From mboxrd@z Thu Jan  1 00:00:00 1970
From: Linus Torvalds <torvalds@osdl.org>
Subject: Re: RFC: Subprojects
Date: Sat, 14 Jan 2006 11:16:34 -0800 (PST)
Message-ID: <Pine.LNX.4.64.0601141055210.13339@g5.osdl.org>
References: <43C52B1F.8020706@hogyros.de>
 <Pine.LNX.4.63.0601111740220.17966@wbgn013.biozentrum.uni-wuerzburg.de>
 <43C537C9.4090206@hogyros.de> <Pine.LNX.4.64.0601110928350.5073@g5.osdl.org>
 <7vacdzkww3.fsf@assigned-by-dhcp.cox.net>
Mime-Version: 1.0
Content-Type: TEXT/PLAIN; charset=US-ASCII
Cc: Johannes Schindelin <Johannes.Schindelin@gmx.de>,
	git@vger.kernel.org, Simon Richter <Simon.Richter@hogyros.de>
X-From: git-owner@vger.kernel.org Sat Jan 14 20:17:18 2006
Return-path: <git-owner@vger.kernel.org>
Envelope-to: gcvg-git@gmane.org
Received: from vger.kernel.org ([209.132.176.167])
	by ciao.gmane.org with esmtp (Exim 4.43)
	id 1Exqtl-00069C-E4
	for gcvg-git@gmane.org; Sat, 14 Jan 2006 20:17:13 +0100
Received: (majordomo@vger.kernel.org) by vger.kernel.org via listexpand
	id S1750755AbWANTRK (ORCPT <rfc822;gcvg-git@m.gmane.org>);
	Sat, 14 Jan 2006 14:17:10 -0500
Received: (majordomo@vger.kernel.org) by vger.kernel.org id S1750818AbWANTRK
	(ORCPT <rfc822;git-outgoing>); Sat, 14 Jan 2006 14:17:10 -0500
Received: from smtp.osdl.org ([65.172.181.4]:19926 "EHLO smtp.osdl.org")
	by vger.kernel.org with ESMTP id S1750755AbWANTRI (ORCPT
	<rfc822;git@vger.kernel.org>); Sat, 14 Jan 2006 14:17:08 -0500
Received: from shell0.pdx.osdl.net (fw.osdl.org [65.172.181.6])
	by smtp.osdl.org (8.12.8/8.12.8) with ESMTP id k0EJGaDZ012384
	(version=TLSv1/SSLv3 cipher=EDH-RSA-DES-CBC3-SHA bits=168 verify=NO);
	Sat, 14 Jan 2006 11:16:37 -0800
Received: from localhost (shell0.pdx.osdl.net [10.9.0.31])
	by shell0.pdx.osdl.net (8.13.1/8.11.6) with ESMTP id k0EJGYKO011825;
	Sat, 14 Jan 2006 11:16:34 -0800
To: Junio C Hamano <junkio@cox.net>
In-Reply-To: <7vacdzkww3.fsf@assigned-by-dhcp.cox.net>
X-Spam-Status: No, hits=0 required=5 tests=
X-Spam-Checker-Version: SpamAssassin 2.63-osdl_revision__1.65__
X-MIMEDefang-Filter: osdl$Revision: 1.129 $
X-Scanned-By: MIMEDefang 2.36
Sender: git-owner@vger.kernel.org
Precedence: bulk
X-Mailing-List: git@vger.kernel.org
Archived-At: <http://permalink.gmane.org/gmane.comp.version-control.git/14672>


On Sat, 14 Jan 2006, Junio C Hamano wrote:

>  + The contained project is kept totally independent and does
>    not have to know it is contained.
> 
>  + The tree for the contained project can be rooted anywhere in
>    the containing project's tree.

Right.

>  - The contained project cannot be rooted at the same level or
>    higher than the containing project; the containing project
>    can only delegate a whole subdirectory to the contained
>    project.

Yes.

However, I think this is actually a _huge_ advantage.

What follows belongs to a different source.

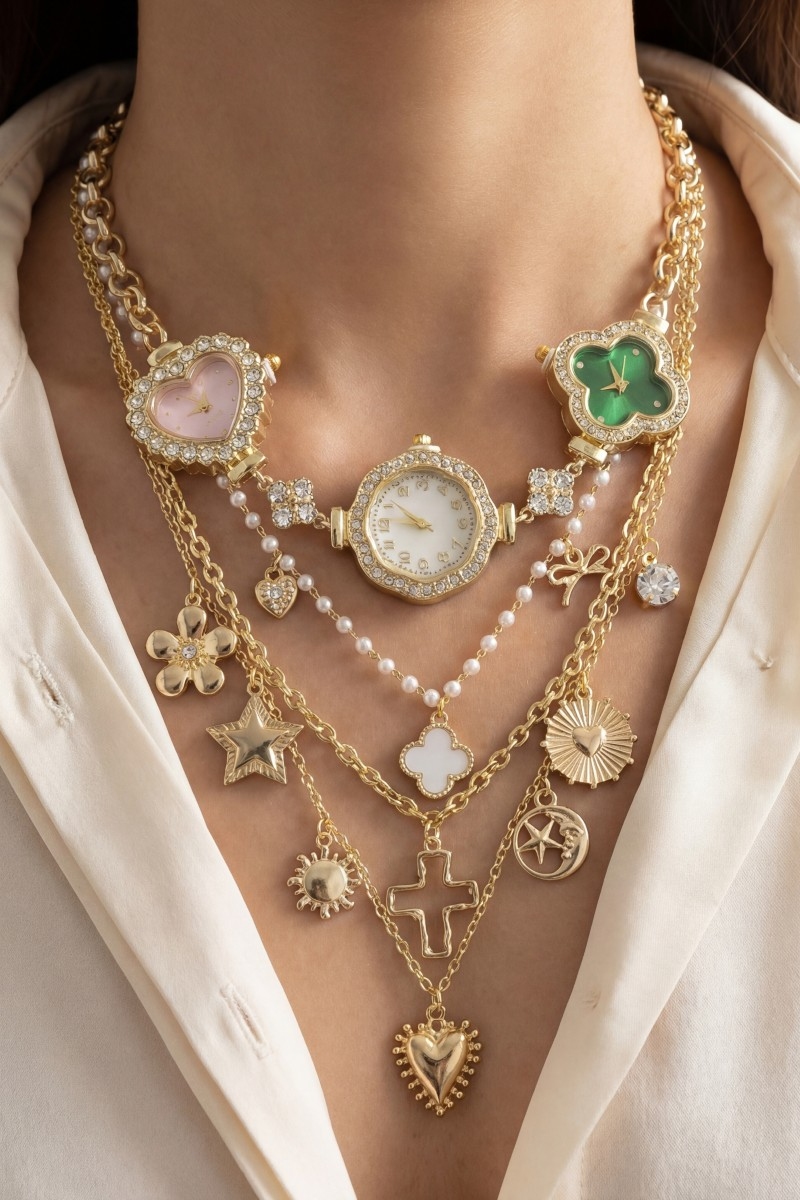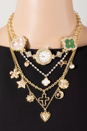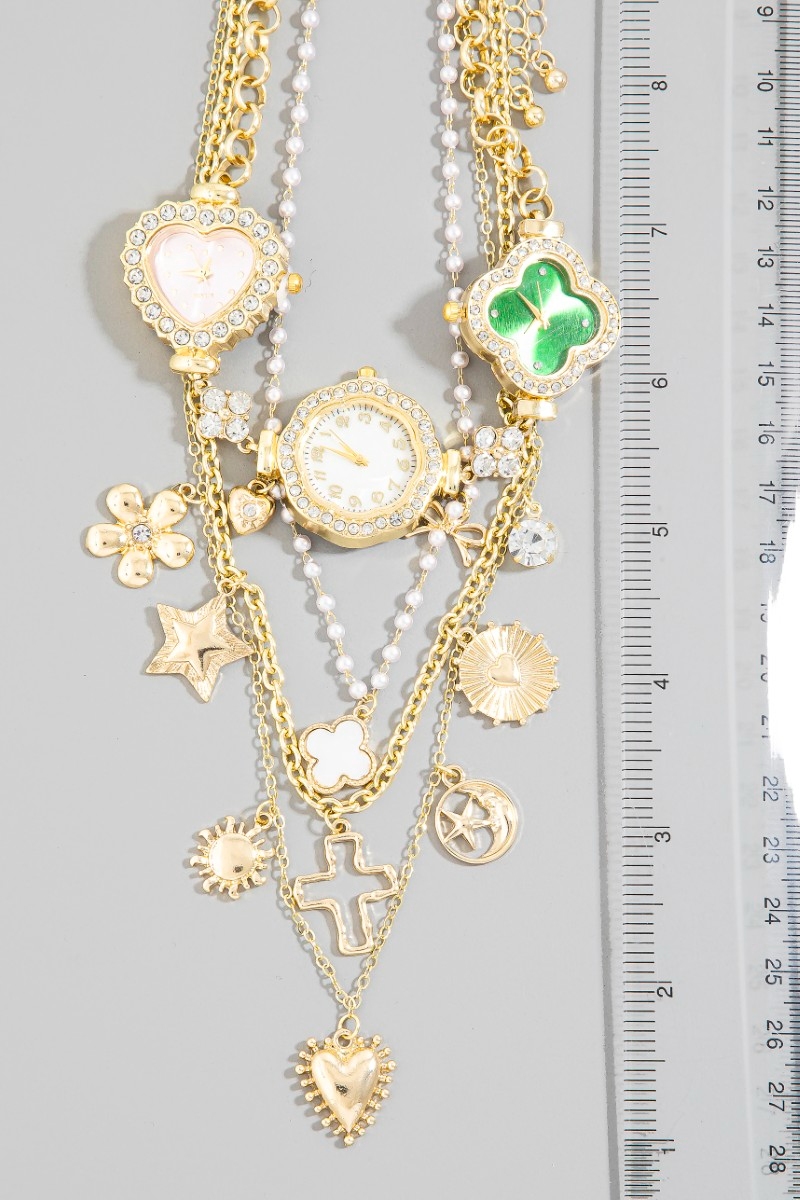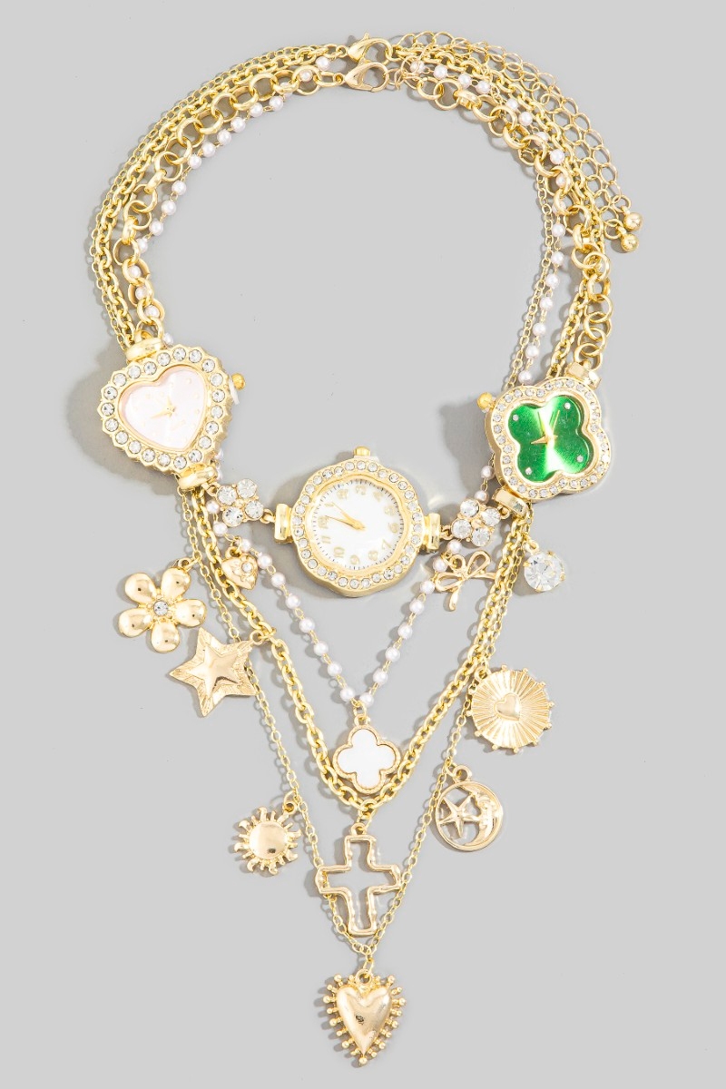 - This layered necklace brings a luxurious assorted layered charms & watches statement necklace style. Experience refined sophistication with this understated yet stylish piece.

The thing is, if you do the contained projects as "union projects" as you 
suggest, I will bet that it will really really suck, because it ends up 
losing the two positives above.

In particular, any real independent project will have it's own "Makefile" 
or "configure-in", and often its own "src" subdirectory or other 
pseudo-standard names.

And the "contained project as a link" approach has zero problems with that 
at all, exactly because it keeps the projects clearly separate - just 
linked (one way).

> What does "git-diff-index/git-diff-tree/git-diff-files" would do
> with them?

I would actually argue that git itself wouldn't do a whole lot with them. 
There are real advantages to seeing only the diffs wrt _one_ of the 
projects, and I'd argue that

	git-diff-*

would actually act like they now act for directories that they don't 
recurse into, ie you'd see something like

	:160000 160000 5eb57670... 3f1a42aa... M	sub-project

and it would be up to higher-level porcelain to recurse.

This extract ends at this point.